Wendell Bryant

No. 91, 77
- Position: Defensive tackle

Personal information
- Born: September 12, 1980 (age 45) Minneapolis, Minnesota, U.S.
- Listed height: 6 ft 5 in (1.96 m)
- Listed weight: 303 lb (137 kg)

Career information
- High school: Ritenour (Breckenridge Hills, Missouri)
- College: Wisconsin
- NFL draft: 2002: 1st round, 12th overall pick

Career history
- Arizona Cardinals (2002–2004); Las Vegas Locomotives (2009); Omaha Nighthawks (2010);

Awards and highlights
- First-team All-American (2001); 2× Big Ten Defensive Lineman of the Year (2000, 2001); 3× First-team All-Big Ten (1999, 2000, 2001);

Career NFL statistics
- Total tackles: 44
- Sacks: 1.5
- Stats at Pro Football Reference

= Wendell Bryant =

American football player (born 1980)

Wendell Bryant (born September 12, 1980) is an American former professional football player who was a defensive tackle in the National Football League (NFL).

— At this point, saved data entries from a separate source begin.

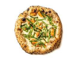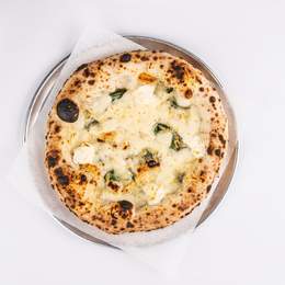 Неополитанское тесто, сливки, моцарелла, соус баже, куриное филе, шпинат,сулугуни
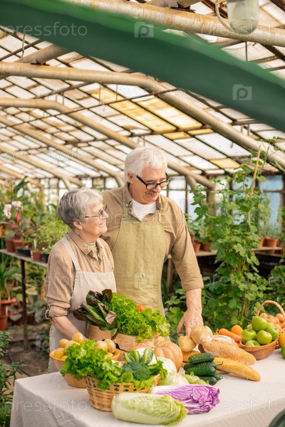 Пожилая пара продает овощи из своего сада
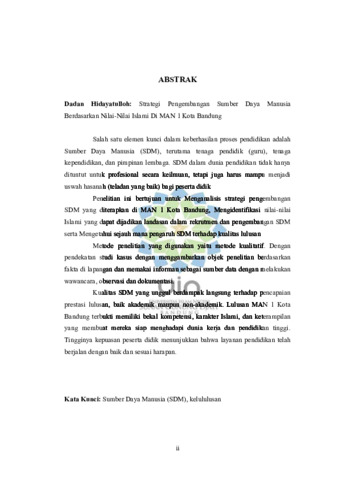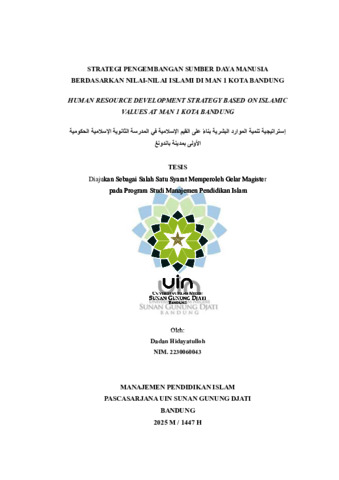 Hidayatulloh, Dadan (2025) Strategi pengembangan sumber daya manusia berdasarkan nilai-nilai Islami di MAN 1 Kota Bandung. Masters thesis, UIN Sunan Gunung Djati Bandung.
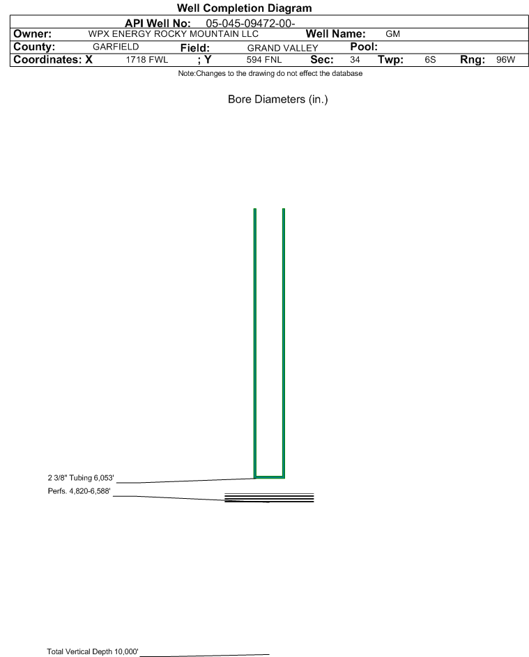 Formation WFCM Formation Classification: OW Status: PR - 4/7/2004 Interval Top: 4820 ft. Interval Bottom: 6588 ft.| Completed Information for Formation WILLIAMS FORK - CAMEO | | 1st Production Date: | N/A | Choke Size: | 0.203 in. | | Formation Name: | WILLIAMS FORK - CAMEO | Commingled: | No | | Production Method: | FLOWING | | Open Hole Completion: | No |
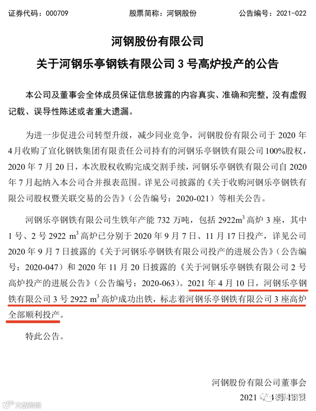 2021年4月10日,河钢乐亭钢铁有限公司3号2922m3高炉成功出铁,标志着河钢乐亭钢铁有限公司3座高炉全部顺利投产。
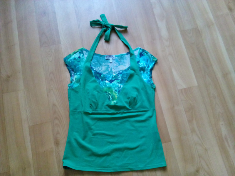 Блузка Димма, цвет бирюза (95% вискоза, 5% спандекс). Оригинальный крой создает иллюзию пары, состоящей из майки и топа, расшитого пайетками. Размер М (на 44-46), велика на ОГ 88 см. Щербинки, 400 руб.
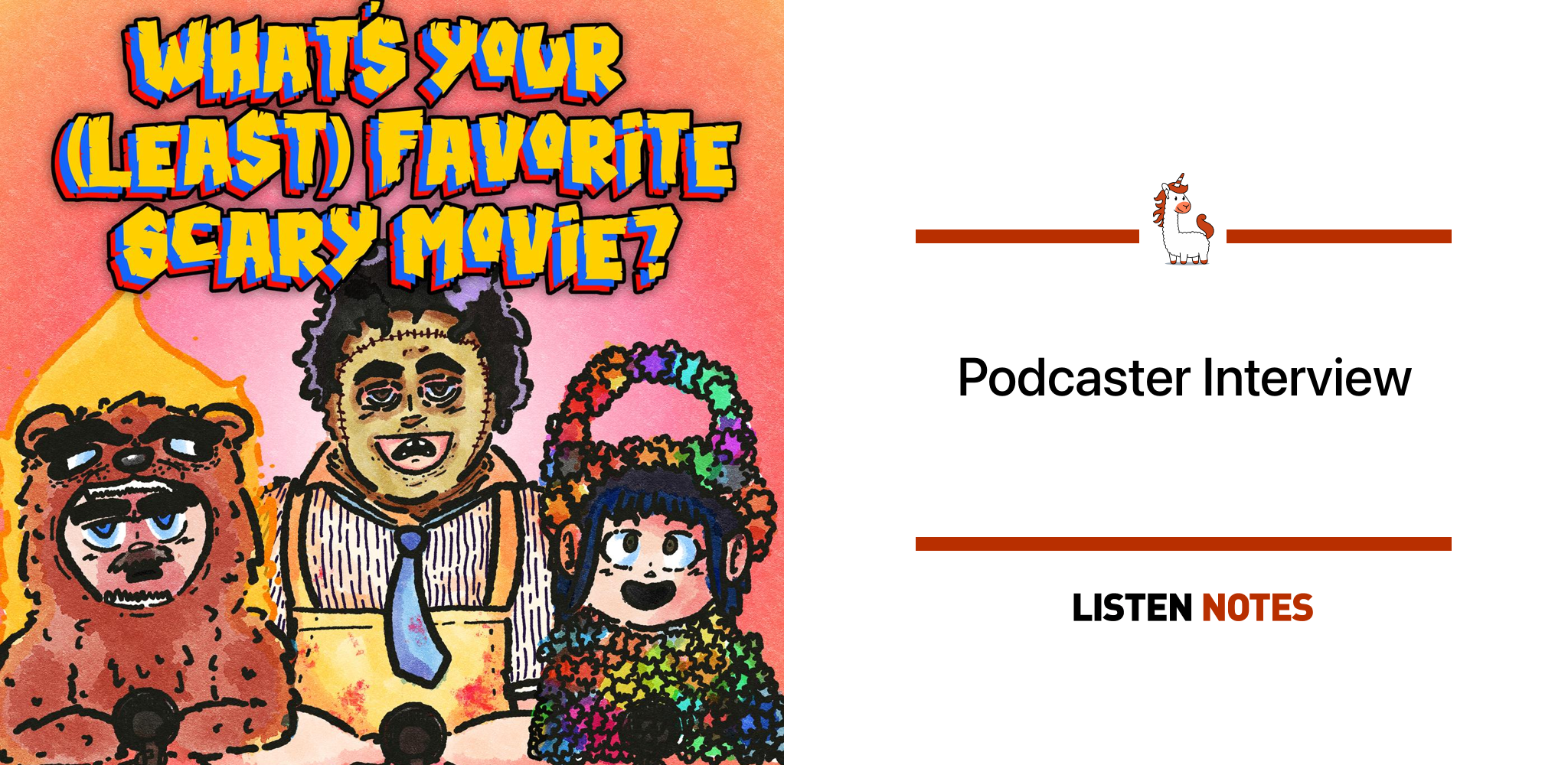 Our show is called What's Your (Least) Favorite Scary Movie?. Each week one person chooses a horror movie they love, but the other hates. As we dive into these films we give our personal ratings and discuss behind the scenes info - all while arguing over who's right and who's wrong. We do this as a celebration of the genre, and to show that horror has a little bit of something for everyone. We also want to encourage others to share their opinions on movies that they feel they may receive backlash for, because we've noticed discussions can get heated over these topics, and we don't want that because on our show we encourage those hot takes!
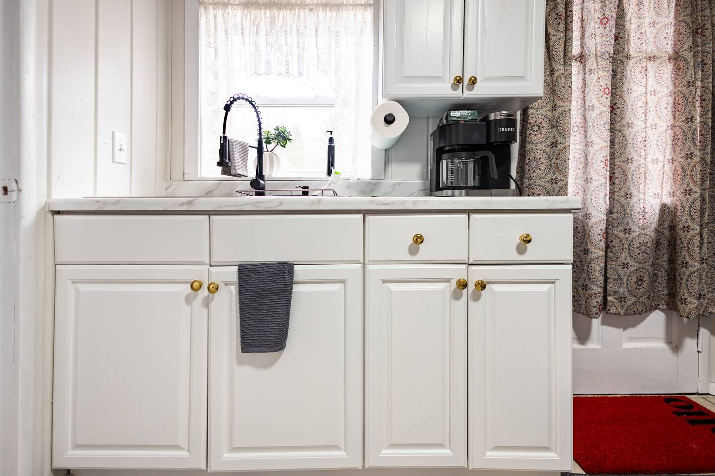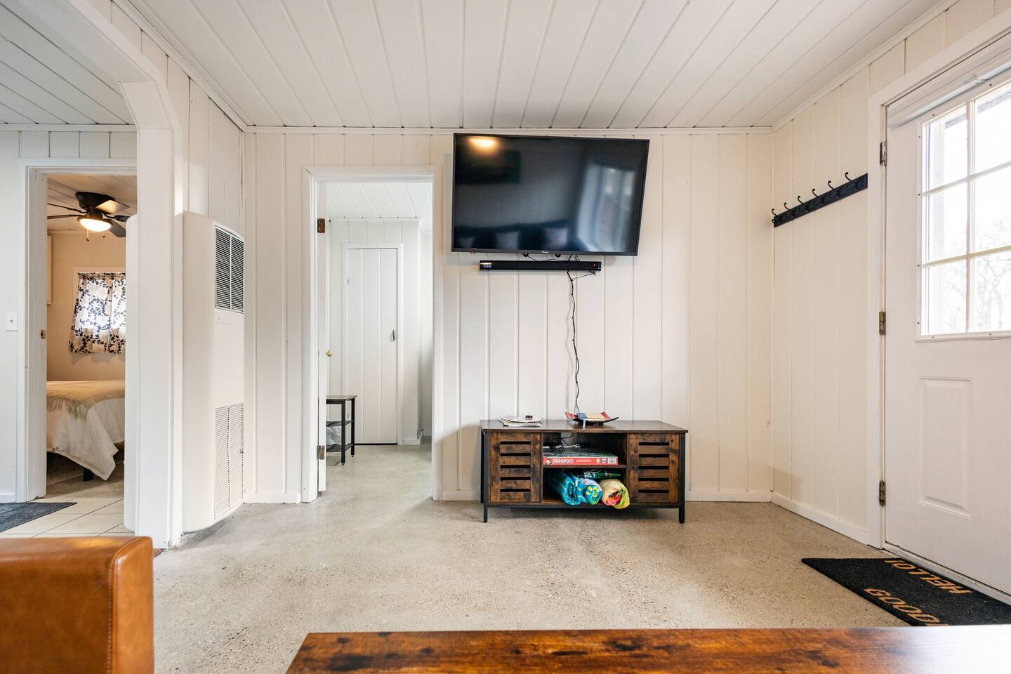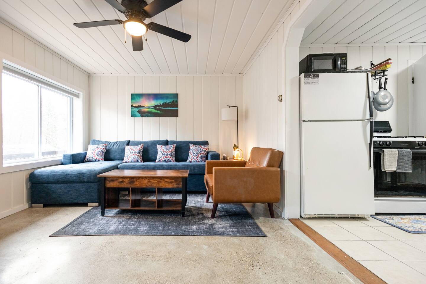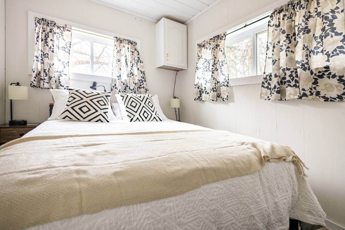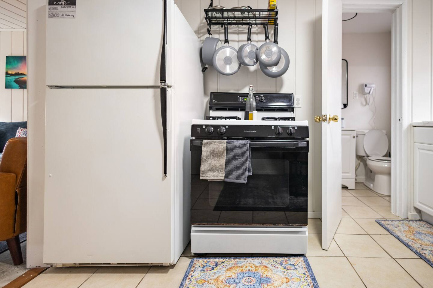 As a remodeled Motel, the space is very cozy. Queen beds were not common in the 50's but we put a new comfy one into the main bedroom. We have a bunk bed that has a Full sized mattress on the bottom and a twin on top in room two. Our ARTICLE brand couch bed folds out for that extra guest or family member. The Vintage has a full kitchen for you to cook in with signature meat's from Walt's Meats next door or warm up something quick before you head out to the beach!
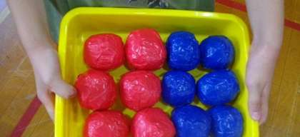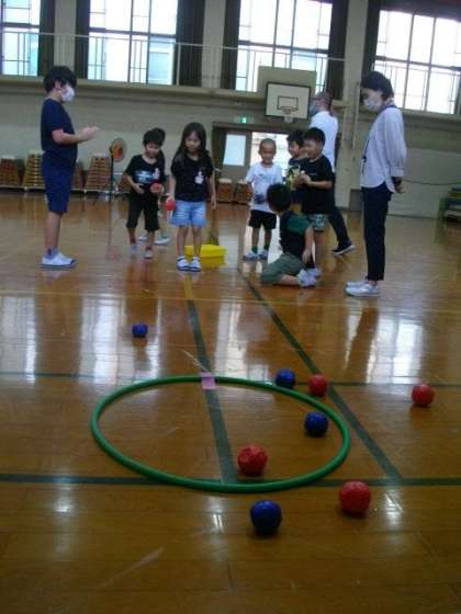輪の中に、球を投げ入れて、多い方が勝ちというシンプルな市原野オリジナルルールです。

He was selected by the Arizona Cardinals 12th overall in the 2002 NFL draft. He played college football for the Wisconsin Badgers.

==College career==
After graduating from Ritenour High School in St. Louis, Missouri, Bryant played college football at the University of Wisconsin–Madison. He played in back to back Rose Bowls his freshman & sophomore years of college. He had a key sack to help secure the 1999 Rose Bowl victory. He won the Big Ten defensive lineman of the Year Award in his junior and senior years.

==Professional career==

===Arizona Cardinals===
Bryant was drafted by the Arizona Cardinals in the first round with the 12th overall pick. He played with the team during the 2002, 2003, and 2004 seasons. He was suspended for the 2005 season after committing a third strike in the NFL's substance abuse policy and never returned to the league.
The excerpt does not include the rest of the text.